> [Work to complete]:
Reproduce word for word the lines from the beginning of the entries to the line with "邹俊窑烧制,自赏或珍藏,送长", both included, but none of the pictures.

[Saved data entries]
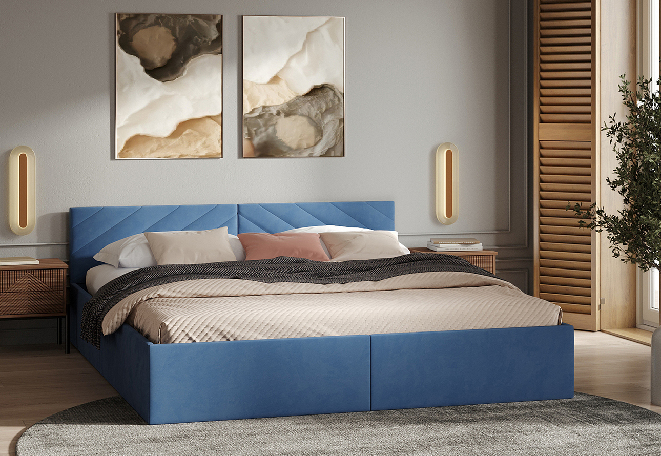 Кровать в тон стен визуально расширит границы тесной спальни. В просторной комнате удачно смотрятся как спокойные, так и насыщенные оттенки.
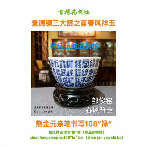 邹俊窑烧制,自赏或珍藏,送长辈送领导送大咖朋友,都是非常受欢迎的。百禄是篆书,不同的禄字体,非常难写,产量极低,而且每一个字体都不一样,所以书写难度非常大,写一个百禄钵花的工夫相当于写4个心经杯,难度可见一斑,因此价格也比心经高非常多。
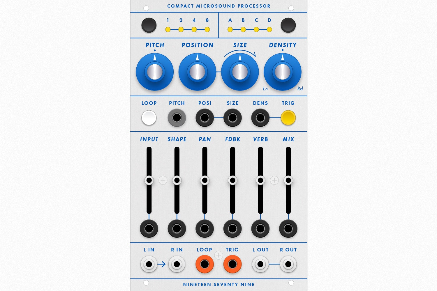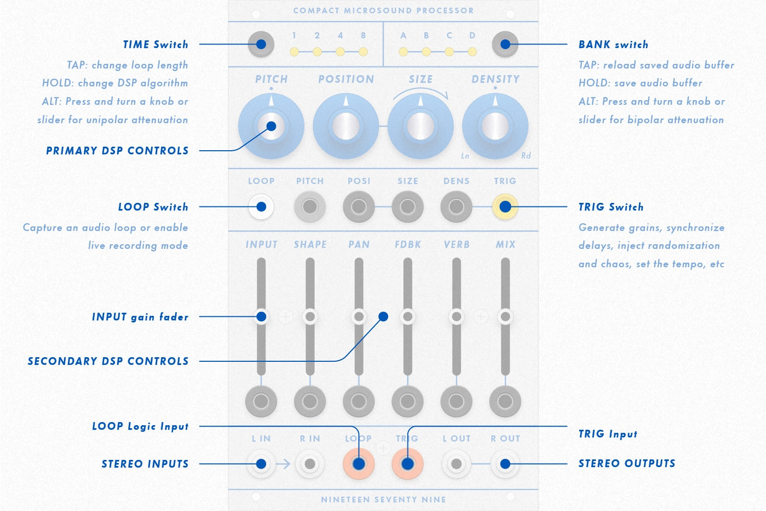 Saving/loading audio loops. When the LOOP LED is on, you can save the captured audio buffer and reload it later. There are four memory banks labeled A-D. Press the BANK switch (upper right) for a few seconds. The LEDs will indicate the current memory bank. Tap the switch if you want to change which bank the audio will be saved into (by default it will be saved into the current bank). Once you've chosen a bank, press the BANK switch for a few seconds to save the audio permanently into the module's memory. To exit without saving, simply wait a few seconds and the selection mode will automatically exit after a few seconds. After saving or exiting, saved audio buffers can be loaded by tapping the BANK switch to cycle through the four memory banks (A-D). If the LOOP switch is turned off after loading, the audio buffer will be cleared and live recording will begin. However you can recall the current memory bank by pressing TRIG and then BANK. This will reload the saved buffer and reactivate the LOOP switch.
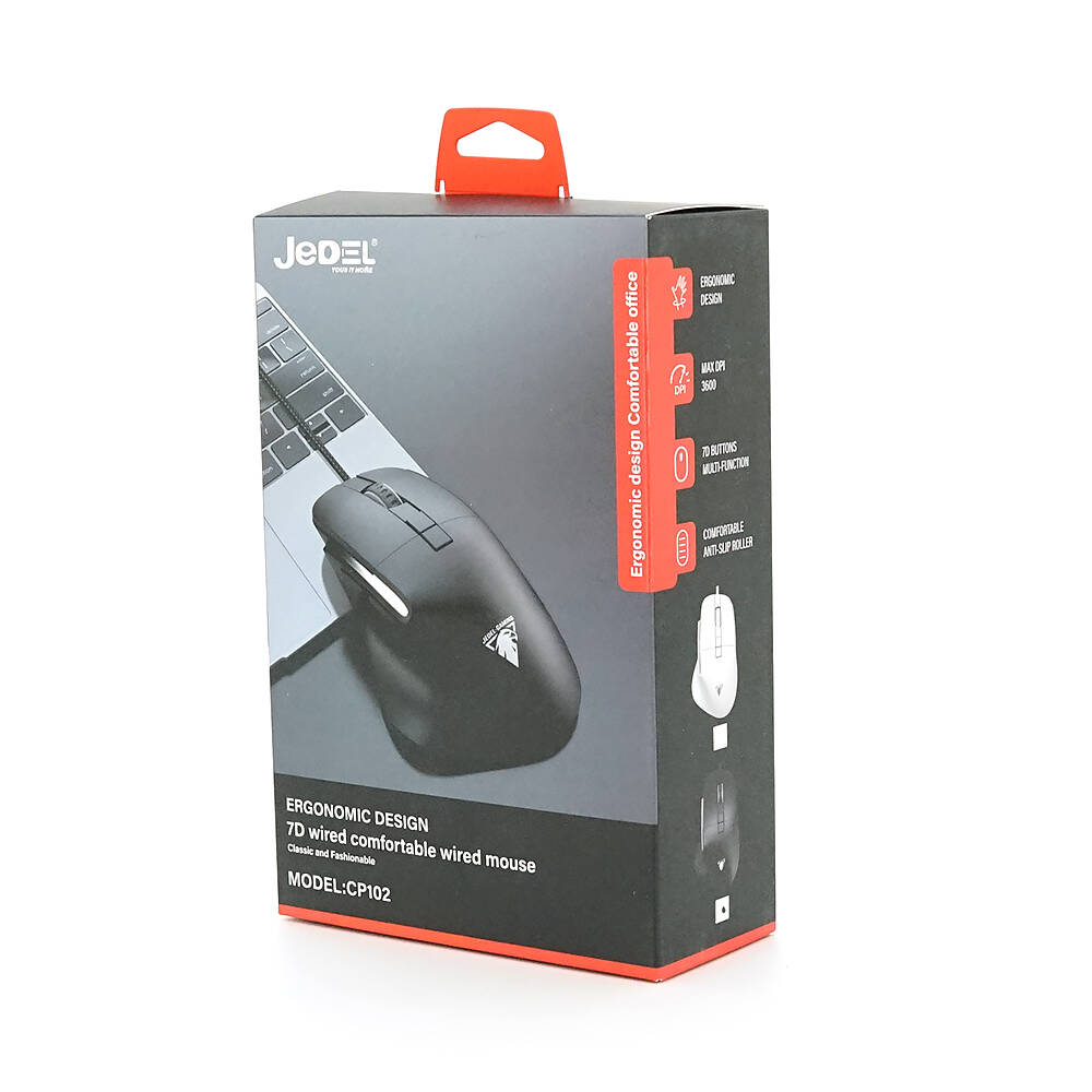 Миша провідна JEDEL CP102, 1200/1800/2400/3600DPI, кабель 1,5 м. 127x83x63 мм. 135 гр. Black. Box
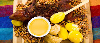 This dish is typically served in cuyerías with corn on the cob, rice, potatoes, sweet potatoes, salsas, and salads.
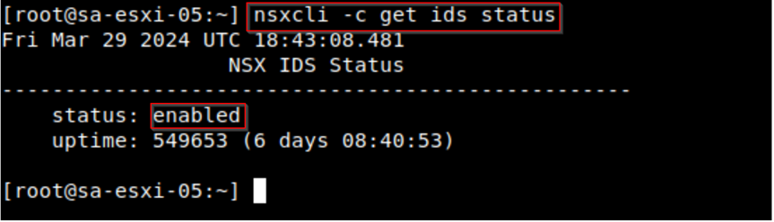 Login to the ESXi for which the IDS/IPS is enabled and provide the command “nsxcli -c get ids status.”

> [Answer to this problem]:
 Кровать в тон стен визуально расширит границы тесной спальни. В просторной комнате удачно смотрятся как спокойные, так и насыщенные оттенки.
 邹俊窑烧制,自赏或珍藏,送长辈送领导送大咖朋友,都是非常受欢迎的。百禄是篆书,不同的禄字体,非常难写,产量极低,而且每一个字体都不一样,所以书写难度非常大,写一个百禄钵花的工夫相当于写4个心经杯,难度可见一斑,因此价格也比心经高非常多。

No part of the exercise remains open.